Una regola aurea, ma c’è la necessità di porsi dei criteri di scelta quando dobbiamo affrontare una nostra giornata lavorativa. Attivare dei criteri quindi vuol dire fermarsi e prendersi il proprio tempo per decidere che cosa fare.

Per investire la meglio il tuo tempo devi perderlo; eome diceva Einstein: “Se avessi solamente un’ora per salvare il mondo, passerei 55 minuti a definire bene il problema e 5 a trovare la soluzione.”

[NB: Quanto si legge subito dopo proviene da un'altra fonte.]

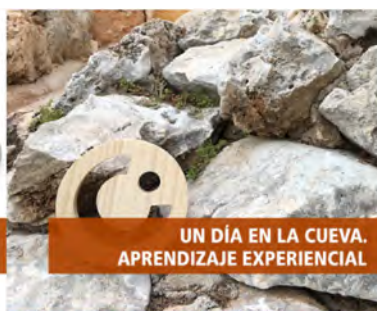
UN DÍA EN LA CUEVA. APRENDIZAJE EXPERIENCIAL
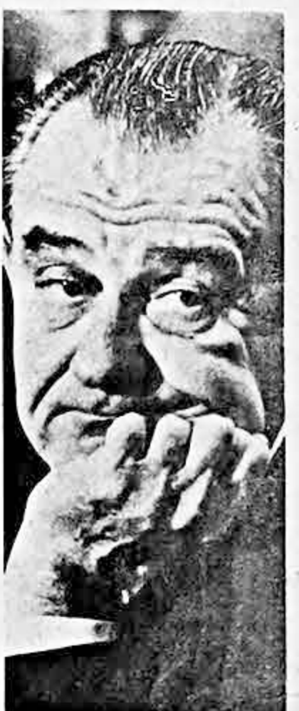
Un viaje de 14.000 kilómetros por el Lejano Oriente inició ayer el Presidente Johnson, cuya preocupación por abrir puertos a negociaciones de paz en Vietnam podrá concretarse en hechos a través de su conferencia con 7 gobernantes asiáticos.
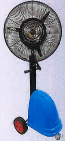
PM-660MFZ 遠心分離式ミストファン
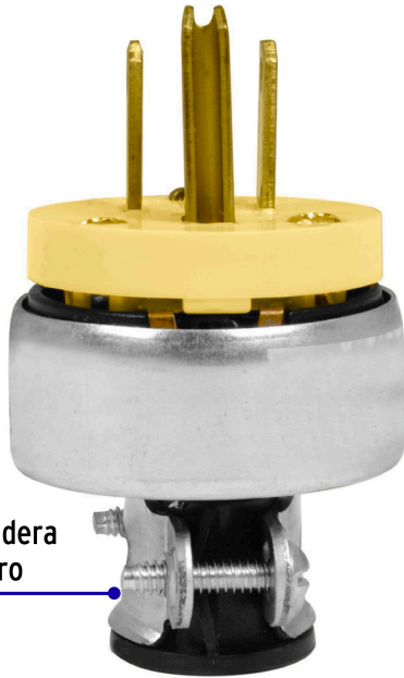
Abrazadera de acero
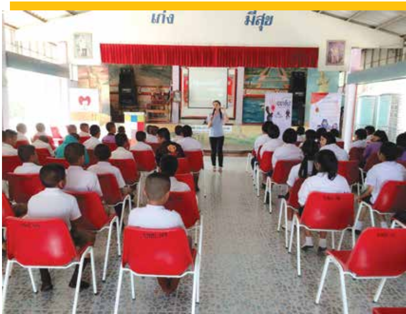
กิจกรรมอบรมให้ความรู้ในการป้องกันการท้องก่อนวัยอันควร

ในขณะที่เดียวกันนั้น ทางโรงพยาบาลส่งเสริมสุขภาพตำบล ได้จัดทำโครงการอบรมเพื่อป้องกันการตั้งครรภ์ก่อนวัยอันควรของเยาวชนในตำบลตาหลังใน โดย รพ.สต. ตาหลังใน มีกลุ่มที่เรียกว่า “วัย teen age” คือ กลุ่มวัยรุ่นที่ตั้งครรภ์ก่อนวัย ซึ่งในพื้นที่ตาหลังในมีขึ้นทะเบียนทั้งหมด 17 คน ทาง รพ.สต. ได้มีการวางแผนในการดำเนินงานสำหรับกลุ่มนี้ และได้จัดทำโครงการเพื่อออกไปให้ความรู้ในเรื่องการคุมกำเนิด โดยจะจัดทุกปี ๆ ละครั้ง เป้าหมายคือ เด็กเยาวชนในโรงเรียน และมีการร่วมมือกันระหว่างโรงเรียนกับ รพ.สต. ในการให้คำปรึกษาเกี่ยวกับการมีเพศสัมพันธ์แก่เด็กเยาวชนจากการร่วมมือกันดำเนินงานประสบผลสำเร็จเป็นอย่างดี ส่งผลให้ในตำบลตาหลังในไม่มีเยาวชนที่ท้องก่อนวัยอันควรเพิ่ม
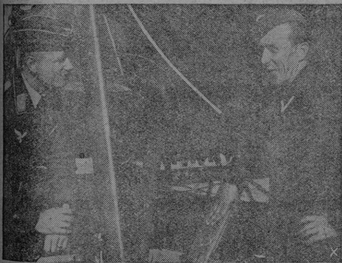
Jefes de escuadrilla de la "Luftwaffe" destacada en el frente húngaro, cambiando impresiones antes de emprender una acción contra las columnas rusas que atacan en el sector de Budapest.
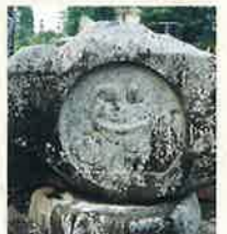
18 四良右門兼氏 下竹田北村 (嘉永3年 1850年)

Ognuno ha il suo metodo. Recentemente ho discusso con un mio collega in merito all’aggiornamento di un catalogo prodotto. Io ritenevo che l’adeguamento del nuovo listino commerciale potesse aspettare, anche se alla fine del mese avrebbe causato uno perdita economica di qualche centinaia di euro, e ritenevo impellente l’inserimento di un nuovo fornitore che, a mio parere, avrebbe portato diversificazione nel catalogo, un tempo di “gestione lavoro” del file minore rispetto all’aggiornamento del precedente e maggiore libertà nei confronti dei produttori che messi in concorrenza sarebbero scesi ad una politica commerciale più elastica.

Io ragionavo scegliendo il criterio dell’importanza, il mio collega si appellava all’urgenza. Chi ha ragione? Ai posteri l’ardua sentenza…

 

Come Raggiungere una maggiore serenità lavorativa

L’importante secondo me è porsi dei criteri di scelta, delle metodologie operative, e sceglierle personalmente.

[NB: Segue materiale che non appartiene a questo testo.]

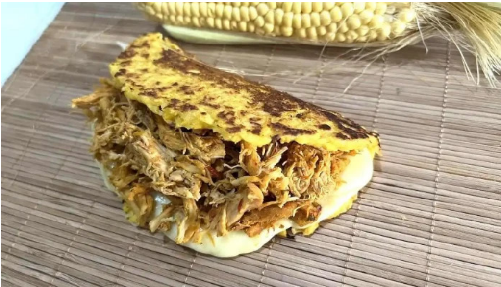
Pasapalo venezuela comida y bebida
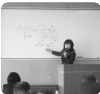
▲雇用安定助成金説明会
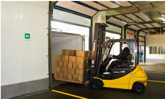
Figura 3: servicios prestados a la nave

Muellaje Cargue y descargue Transbordo Trasciego Características del buque y diseño. Servicio de practicaje. Supervisión del servicio Servicio de remolcador. Servicio de muellaje. Suministro de agua dulce.
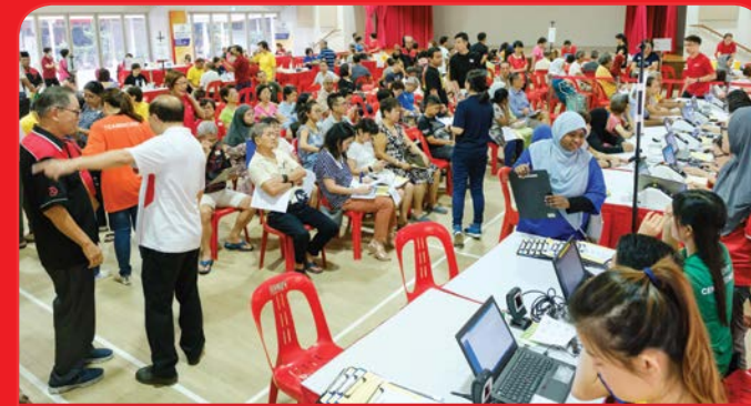
Health Carnival @ West Coast
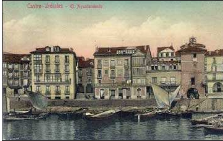
Ayuntamiento de Castro.

escabeches (4). En abril de 1735 los "tratantes y comerciantes en pescados frescos y salados" pidieron al Ayuntamiento una rebaja en los derechos del aceite y vinagre de los escabeches, pues de lo contrario se verían "precisados a no comprar las pescas" (5). Durante toda la segunda mitad del siglo XVIII, además de seguir gravados el aceite y vinagre, la arroba de escabeche estuvo cargada con 4 maravedíes (6) .
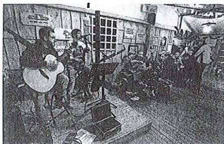
Z glasbo je drsanje, druženje in okrepčilo popestril duet Planet Acoustic.

napovedal, da bodo med 20. in 23. decembrom organizirali slukanje z Božičkom.

Potrebbe essere sufficiente fermarsi un attimo per capire cosa fare, senza buttarsi acriticamente sul nuovo task. Oppure concludere almeno un lavoro per avere la sensazione di aver dato un senso alla giornata, oppure dire al collega che metti il punto sul tuo lavoro prima di dedicargli la tua attenzione.

Una vera ricetta, una soluzione definitiva, non c’è, ma probabilmente non ci deve nemmeno essere, perchè in un mondo in continua mutazione, essere troppo statici ed ancorati a criteri monolitici può portare a nuotare da soli in un mare immenso.

Fermo restando che una soluzione alla moderna insoddisfazione lavorativa, fatta di continue rincorse contro il tempo, di impegni sempre più onerosi, di decisioni sempre più frammentate, possa essere risolta attraverso piccole scelte personali.

Come si dice: si trova sempre qualcosa di cui lamentarsi. Ma – con un po’ più di impegno – si trova sempre anche qualcosa di cui essere felici.

Essere l’autore delle proprie scelte, indipendentemente dai risultati raggiunti, ti porta ad essere più felice.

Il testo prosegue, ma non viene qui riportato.